Même s'ils ne descendent pas forcément dans la rue demain, les quelque 3 146 psychiatres libéraux (et 1 430 à exercice mixte) partagent le désarroi de leurs confrères hospitaliers.
« La psychiatrie est une discipline exigeante et les moyens financiers ne sont pas en phase avec cette difficulté », reconnaît le Dr Maurice Bensoussan, président du Syndicat des psychiatres français (SPF) et de l'URPS Occitanie. Cette crise de la psychiatrie hospitalière a des conséquences directes sur l'exercice en ville. « Les délais d'attente étant énormes, il y a de plus en plus de patients suivis à l'origine à l'hôpital voire en centres médico-psychologiques que l'on récupère », indique le Dr Claude Gernez, président du Syndicat national des psychiatres privés (SNPP).
D'autant que la démographie des psychiatres de ville commence à fléchir. D'après les chiffres de l'Ordre des médecins (CNOM), il y a en moyenne 4,6 psychiatres libéraux pour 100 000 habitants. Certains départements n'en ont plus aucun (Mayotte, la Lozère, le Cantal). Une quarantaine de départements n'ont tout simplement aucun pédopsychiatre libéral.

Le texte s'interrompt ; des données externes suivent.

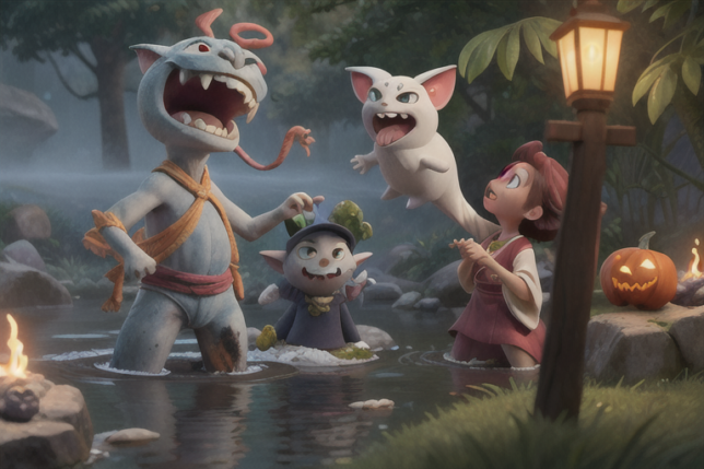 Kappa, the water-dwelling creatures, exchanged riddles with cheeky goblins, while kitsune, the shape-shifting foxes, shared tales of ancient magic with friendly ghosts. Together, they embarked on a grand adventure, exploring Japan’s mystical forests, serene temples, and bustling cities.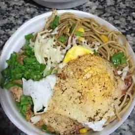 Espaguete, Bacon, Calabresa, Frango Desfiado, Cebola, Tomate ,Milho ,Mussarela, Shoyo e Cebolinha.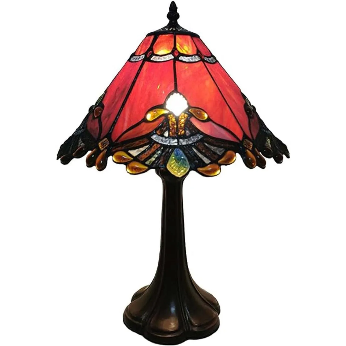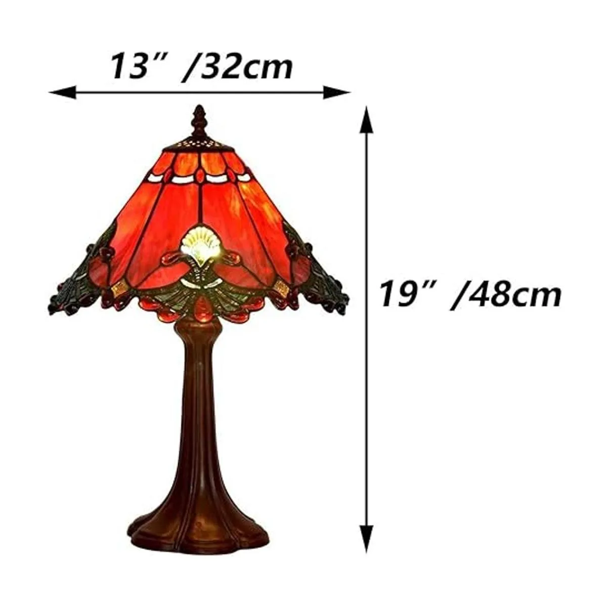 BIEYE L10021 Lámpara de mesa de cristal de color barroco Tiffany con 13 pulgadas de ancho, hecha a mano, base de metal para mesita de noche, dormitorio, sala de estar, 13 pulgadas de ancho x 19 pulgadas de alto, rojo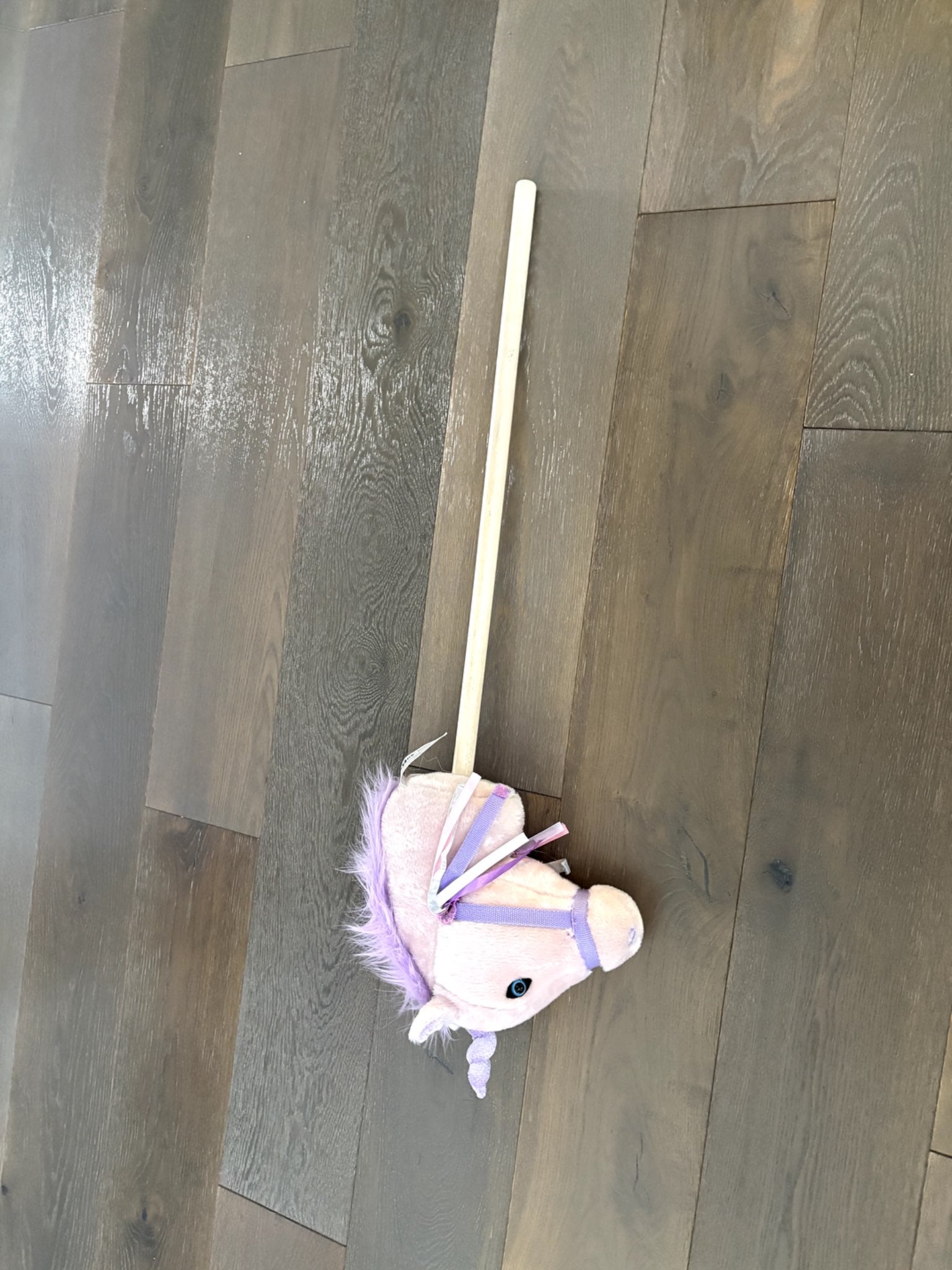 Description : Unicorn has a soft, white plush head with a glittering horn and ears. Pet your Unicorn's fluffy purple mane and hold onto the stick and ride off into the sunset! Press the ears for galloping and neighing sounds! Product dimensions: stick length approx. 34"cm (H)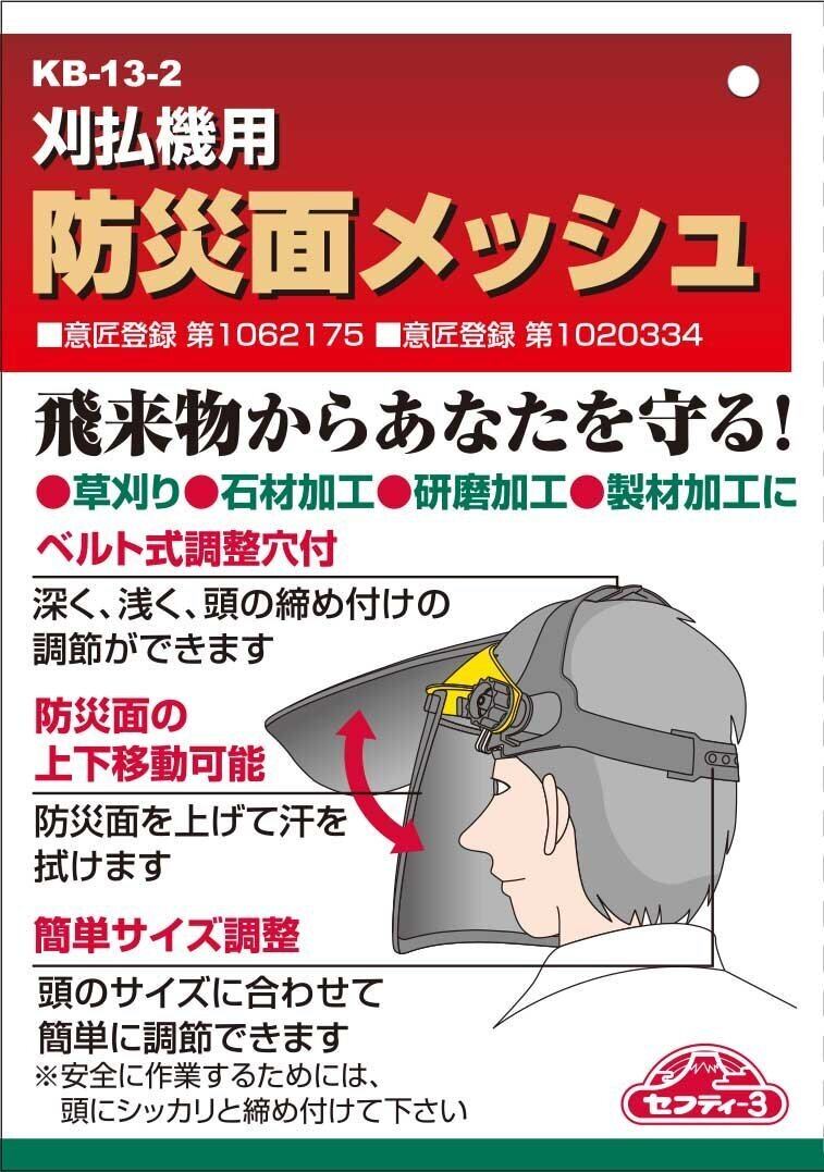 セフティー3 草刈機 刈払機用 防災面 メッシュ 通気性 KB-13-2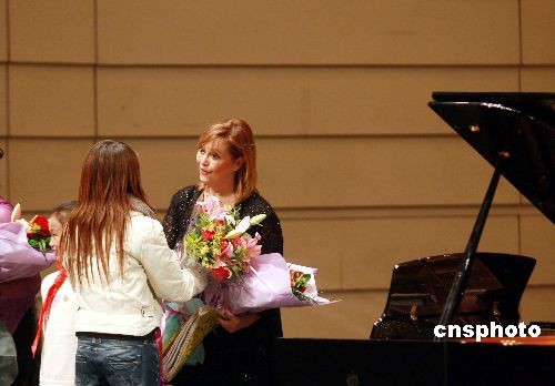 10月30日,为纪念第四个世界“临终关怀和舒缓治疗日”,中国生命关怀协会在北京举办《心的呼唤-爱的乐章》慈善义演音乐会。法国著名女钢琴家卡洛琳娜.姆哈公主也参加了慈善义演活动。图为观众在给卡洛琳娜.姆哈公主送花。中新社发 郑雄增 摄

Ces difficultés sont aussi partagées par les 172 cliniques psychiatriques privées, qui déplorent un manque de médecins et une baisse des tarifs en psychiatrie de 9 % depuis 2013. « Une dizaine de cliniques psychiatriques ont fait une demande d’aide exceptionnelle à leurs ARS en 2018 pour difficultés financières. On arrive au bout des gains de productivité et de la résilience des équipes », juge Lamine Gharbi, président de la Fédération de l'hospitalisation privée.
Les jeunes boudent
À cela s'ajoutent des revenus (bénéfices non commerciaux) en baisse. Avec 65 450 euros en 2016 – secteur I et II confondus – les psychiatres libéraux se situent juste en dessous des pédiatres et bien loin derrière les médecins généralistes (75 550 euros).
Les jeunes boudent la discipline : lors de la dernière procédure de choix de postes à l'internat, 18 postes n'ont pas été pourvus. La dernière place est partie à la 8685e place (sur 8 706 étudiants). « Nous sommes oubliés ! déplore le Dr Gernez. La possibilité de faire un stage de six mois en ville pour les internes commence à se mettre en place tout doucement. Cela devrait améliorer les choses », espère le psychiatre d'Enghien-les-Bains (Val d'Oise).
Pour redonner du peps à la psychiatrie, la coopération avec l'hôpital public est la clé, juge le Dr Bensoussan. « La discipline est plurielle, il faut mettre en place une approche plus complémentaire, fondée sur la fluidité du parcours de soins entre la ville et l'hôpital », estime-t-il. Encore faudrait-il trouver une sortie de crise pour ce dernier.